Придя через несколько дней в опечатанную квартиру – надо было еще раз осмотреть место преступления, подполковник изучал интересовавшие его детали, как вдруг услышал… отчаянное мяуканье, и на его удивленное: «Кыс? Кыс?», к ногам откуда-то из-под дивана выкатился маленький круглый черный пушистый шар с истерично раздававшимися из розового ротика звуками. Котенок огромными, безумными от страха желтыми глазами смотрел на человека и умолял о чем-то. Едва подполковник присел и протянул руки к животному, как кот стремглав забрался к нему на грудь и вжался головой в подмышку. Той встречей их общая дальнейшая судьба была предрешена.

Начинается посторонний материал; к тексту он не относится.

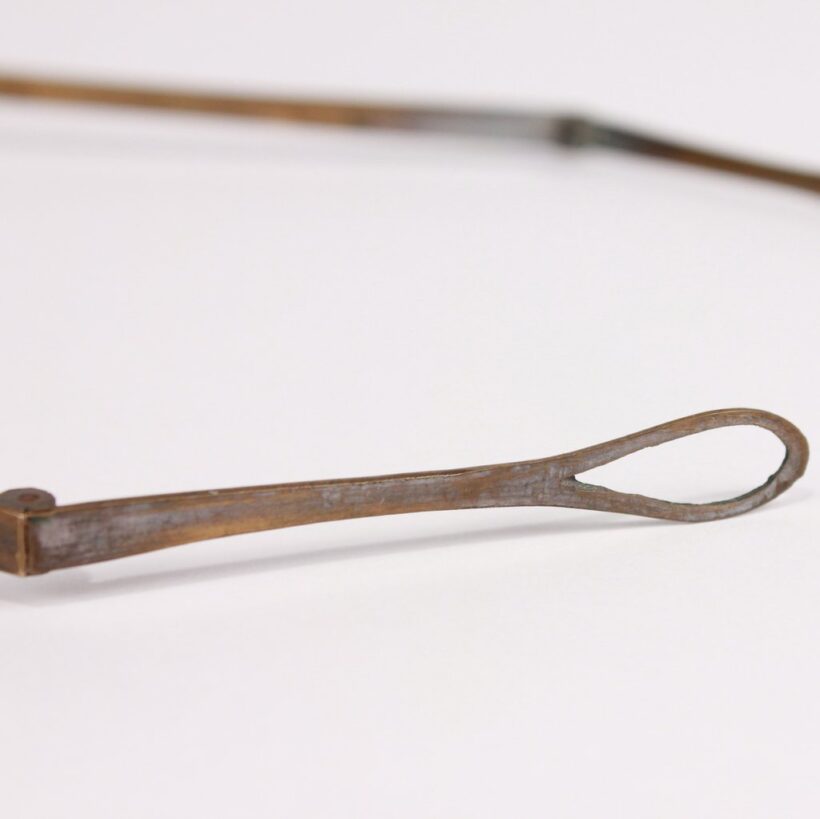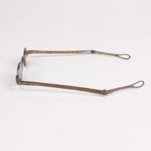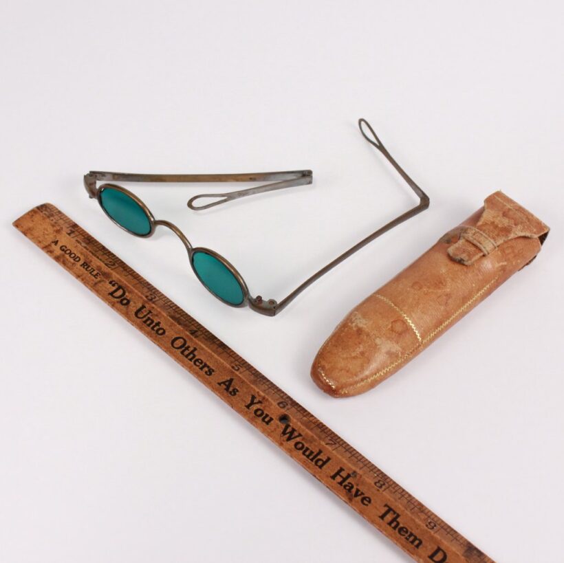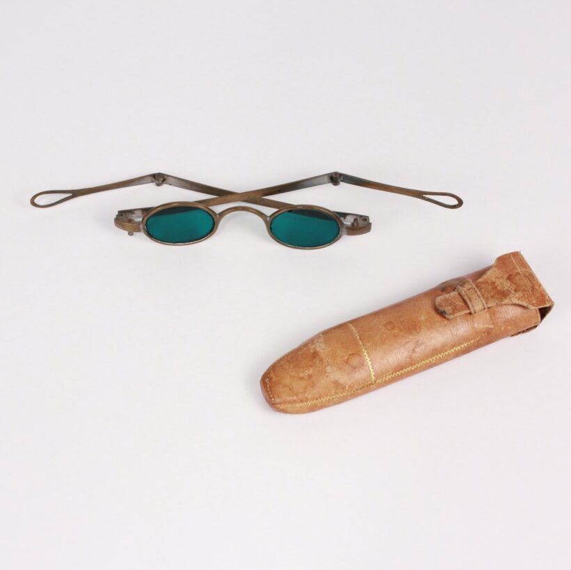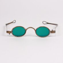 Wonderful pair of early tinted spectacles, c. 1830s. The lenses are a rich shade of green and the frame design is inventive and sculptural, with hinged temple extensions. These curious specs were not originally designed as sunglasses but rather as corrective lenses under the belief that green or blue-tinted glass aided eyesight. Making them especially unusual, the specs retain their original gilded and tooled-leather case, of a kind that seldom survives. An exceptional example of early nineteenth-century eyeglasses.
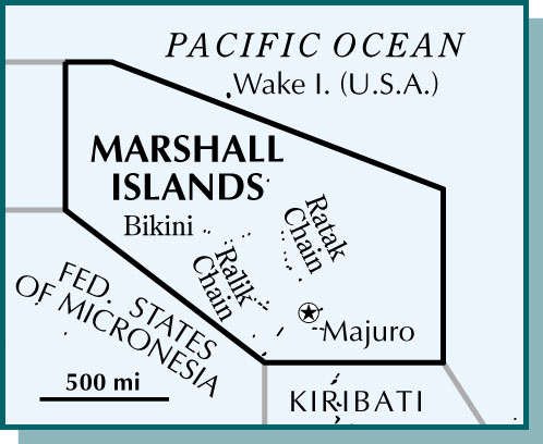 Marshall IslandsNONE(无词性) - A self-governing island group in the central Pacific Ocean. First sighted by Spanish explorers in the early 16th century, they were governed by Spain and Germany until 1920, when they became a Japanese mandate. From 1947 until 1979 they were part of the U.S. Trust Territory of the Pacific Islands. In 1986 the islands became a republic. Population, 30,873.马绍尔群岛:太平洋中部的自治岛群。16世纪早期由西班牙探险家最先发现,先后被西班牙和德国统治,直到1920年成为日本托管地。从1947年到1979年一直为美国在太平洋群岛上的托管地的一部分。1986年群岛成立共和国。人口30,873
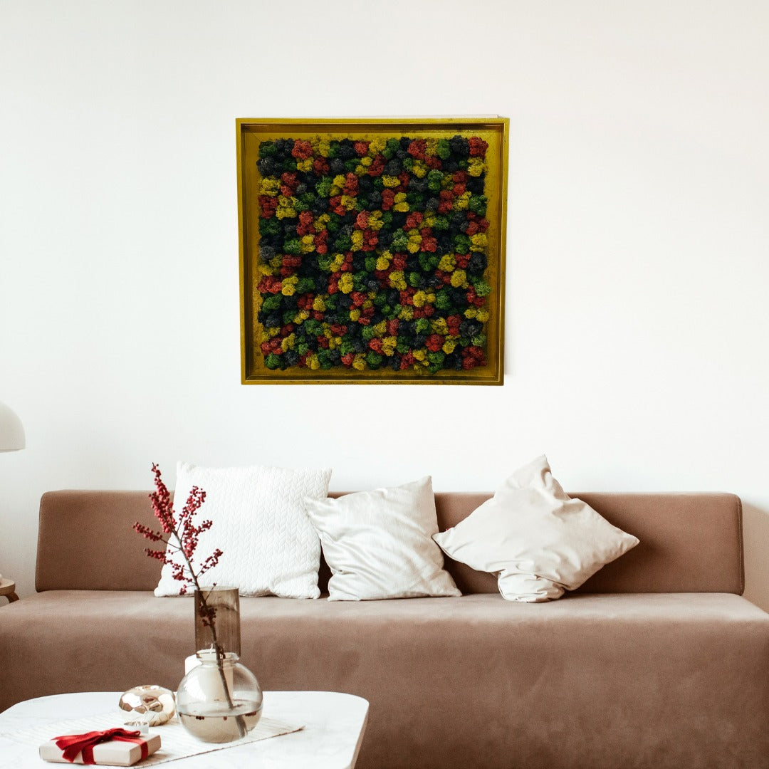 Tablou decorativ cu mușchi și flori stabilizate– „Armonie Naturală”
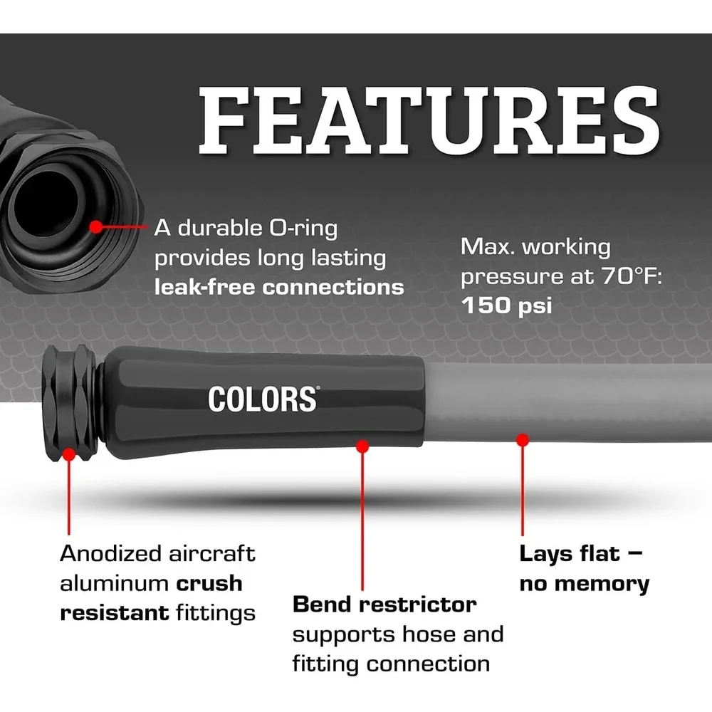Durable Lightweight All-Weather Hybrid Polymer Garden Hose 5/8in x 100ft Flexible Leak-Free Connections Easy Storage Outdoor Use
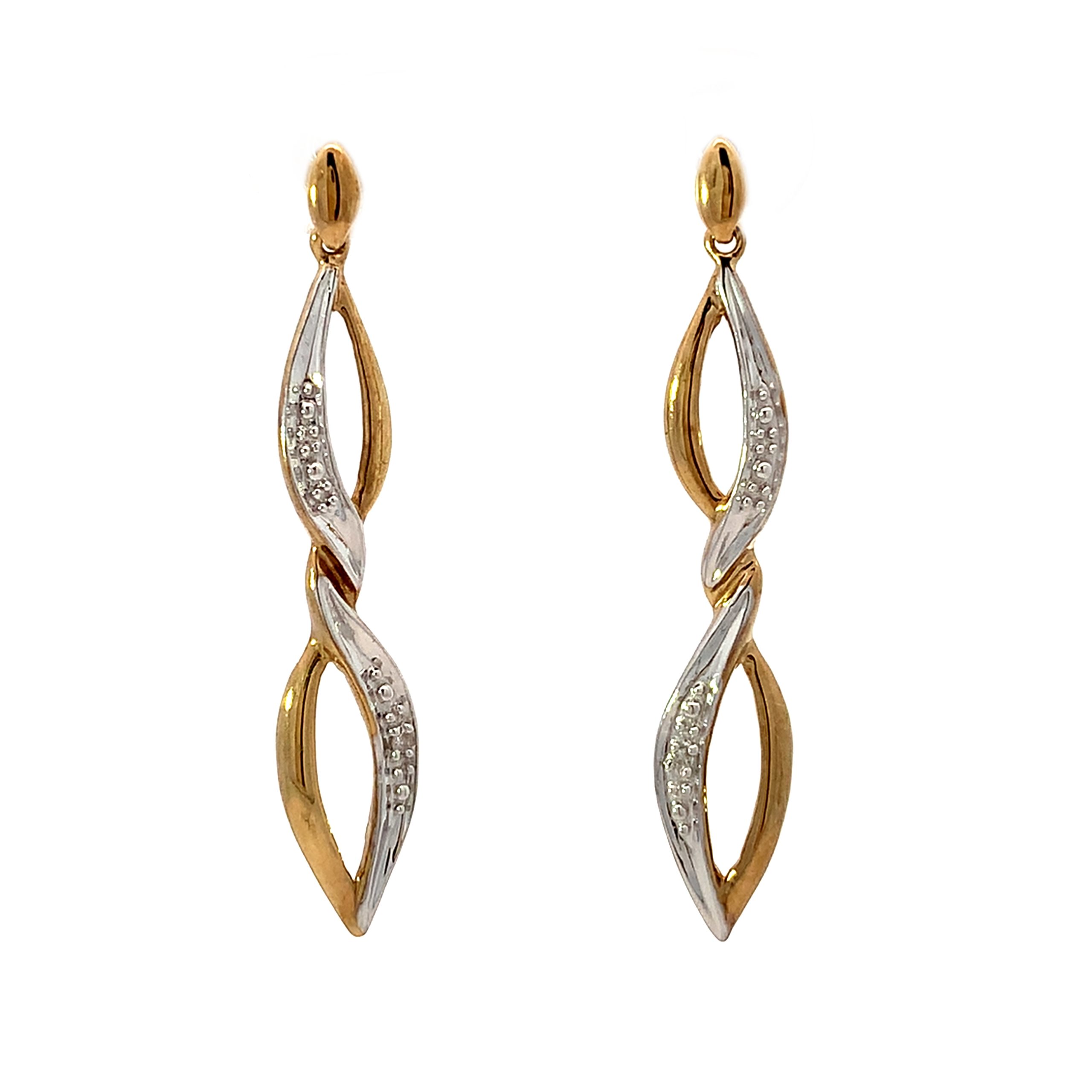 Pretty yellow gold drop earrings each set with a single small diamond in illusion settings. With post and scroll back fittings.

Отставной полицейский, приговаривая, надевал специальный поводок на недовольно ворчавшего, и, вяло, из строптивости сопротивлявшегося кота – таков был сложившийся за годы ритуал. Агат любил, когда хозяин выводил его на улицу и радовался возможности вырваться из ограниченного пространства квартиры, но при этом пугался всего и вся, прижимаясь животом к земле, и замирал, словно парализованный. Так, по большей части на руках Лоскутова, он гулял по двору, нюхал траву, землю, листья на деревьях, становился объектом пристального внимания детей и почему-то женщин, многие из которых норовили погладить шарахавшегося от них кота и заговорить с его дружелюбно улыбающимся хозяином.

Устраиваясь на скамейку и закуривая сигарету, хозяин отпускал Агата на поводке в «свободное плавание», после чего их прогулка подходила к концу, и он, с независимо выглядывавшим из-за руки котом, возвращался домой.

Сегодняшний выход «на природу» прошел по обычному сценарию, и уже дома Лоскутов вспомнил, что забыл вынести мусор. Он вернулся на кухню и, схватив по-прежнему лежащую на столе несвежую газету, собирался было выбросить ее в пакет, как глаза случайно зацепились за короткое объявление: «Продается действующий бизнес. Срочно. Недорого». Это была популярная газета бесплатных объявлений, по-видимому, когда-то случайно захваченная им с работы. Мужчина расправил газету и невидящими глазами уставился в объявление.

«А что? Может, это выход… Почему бы не попробовать? Надо чем-то заниматься», – размышлял отставной полицейский. Он понимал, что обратно в органы ему уже никогда не вернуться, и надо как можно скорее чем-то заполнить образовавшийся вакуум, иначе… Что может скрываться под этим «иначе» мужчина даже думать не хотел, но чувствовал, что ничего хорошего. Кое-какие средства у него были, нужных связей – предостаточно, жизненного опыта – хоть отбавляй: почему бы не попробовать?!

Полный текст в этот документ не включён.